To retrieve the value of an individual header in a message, you can use standard SQL techniques for working with list and bytea types. The following example parses the UTF-8 encoded client_id header of the messages from the Kafka topic. Messages without a client_id header result in null values ("\N") for the parsed attribute.

SELECT
    id,
    seller,
    item,
    (
        SELECT convert_from((h).value, 'utf8') AS client_id
        FROM unnest(headers) AS h
        WHERE (h).key = 'client_id'
    )
FROM kafka_metadata;

 id | seller |        item        | client_id
----+--------+--------------------+-----------
  2 |   1592 | Custom Art         |        23
  7 |   1509 | Custom Art         |        42
  3 |   1411 | City Bar Crawl     |      "\N"

Note that:

  • The DEBEZIUM envelope is incompatible with this option.

Partition, offset, timestamp

These metadata fields are exposed via the INCLUDE PARTITION, INCLUDE OFFSET and INCLUDE TIMESTAMP options.

CREATE SOURCE kafka_metadata
  FROM KAFKA CONNECTION kafka_connection (TOPIC 'data')
  FORMAT AVRO USING CONFLUENT SCHEMA REGISTRY CONNECTION csr_connection
  INCLUDE PARTITION, OFFSET, TIMESTAMP AS ts
  ENVELOPE NONE
  WITH (SIZE = '3xsmall');
SELECT "offset" FROM kafka_metadata WHERE ts > '2021-01-01';

offset
------
15
14
13

Setting start offsets

To start consuming a Kafka stream from a specific offset, you can use the START OFFSET option.

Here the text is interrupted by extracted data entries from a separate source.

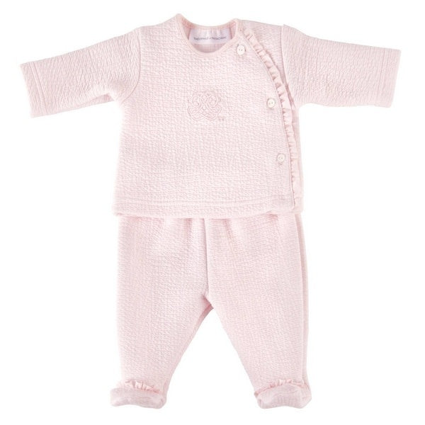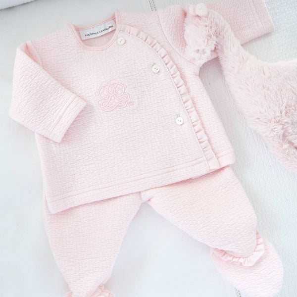 Dit prachtige tweedelige pakje van het merk Theophile & Patachou is van een gewafelde jersey katoenen stof, de top is aan de voorkant versierd met een delicaat borduurwerk. Het babypakje met voetjes is afgewerkt met sierlijke details zoals de ruche rand bij de overslag top en op de voetjes. Het pakje past perfect bij alle items uit de Cotton Pink collectie.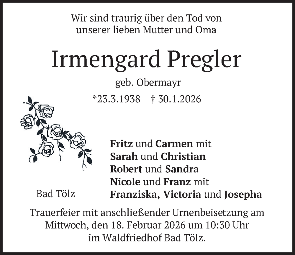 Hier finden Sie alle Traueranzeigen aus der Zeitung, die bisher für Irmengard Pregler erschienen sind. Weitere Traueranzeigen, die in der Zeitung erscheinen, werden hier ebenfalls aufgelistet
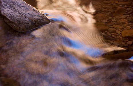 Water rippling in a stream in Fern Glen Canyon reflects the brightly lit red rocks of the canyon walls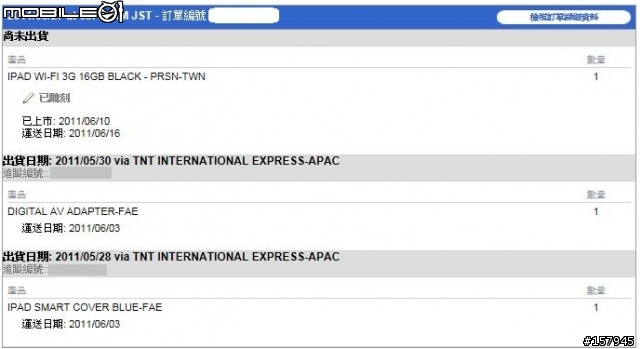 我也是27當天凌晨上官網下單一台黑一台白跟smart cover不過10點多還是去燦坤排隊10點半就都到E-MAIL通知出貨不過是smart cover順利買到白色 IPAD2後就上網取消訂單不過smart cover已經出貨不能取消今天早上10點我就收到smart cover了結果是新加坡寄來的我原本還以為是從大陸寄來現在正考慮要退掉,還是要留著。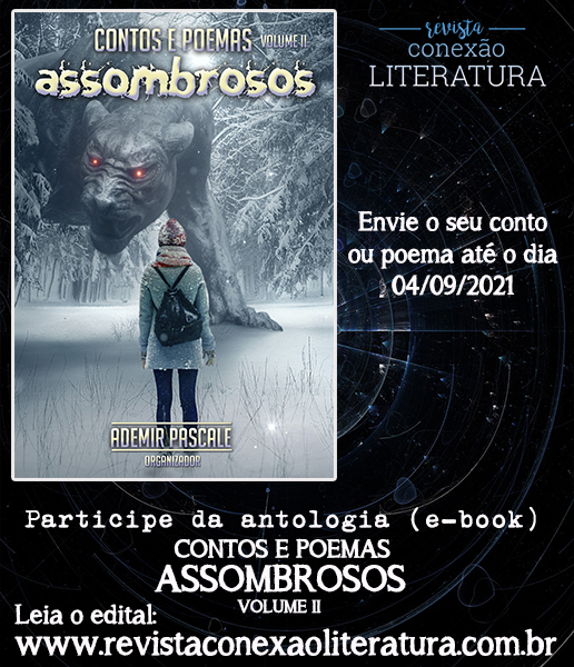 1 – Escrever um poema ou conto de terror (o tema é amplo e você poderá usar como personagens: bruxas, lobisomens, vampiros, fantasmas, feiticeiros, zumbis, etc). Aceitaremos até 2 contos ou 2 poemas por autor. Caso sejam aprovados, os 2 textos serão publicados.

CREATE SOURCE kafka_offset
  FROM KAFKA CONNECTION kafka_connection (
    TOPIC 'data',
    -- Start reading from the earliest offset in the first partition,
    -- the second partition at 10, and the third partition at 100.
    START OFFSET (0, 10, 100)
  )
  FORMAT AVRO USING CONFLUENT SCHEMA REGISTRY CONNECTION csr_connection
  WITH (SIZE = '3xsmall');

Note that:

  • If fewer offsets than partitions are provided, the remaining partitions will start at offset 0. This is true if you provide START OFFSET (1) or START OFFSET (1, ...).
  • If more offsets than partitions are provided, then any partitions added later will incorrectly be read from that offset. So, if you have a single partition, but you provide START OFFSET (1, 2), when you add the second partition you will miss the first 2 records of data.

Time-based offsets

It’s also possible to set a start offset based on Kafka timestamps, using the START TIMESTAMP option. This approach sets the start offset for each available partition based on the Kafka timestamp and the source behaves as if START OFFSET was provided directly.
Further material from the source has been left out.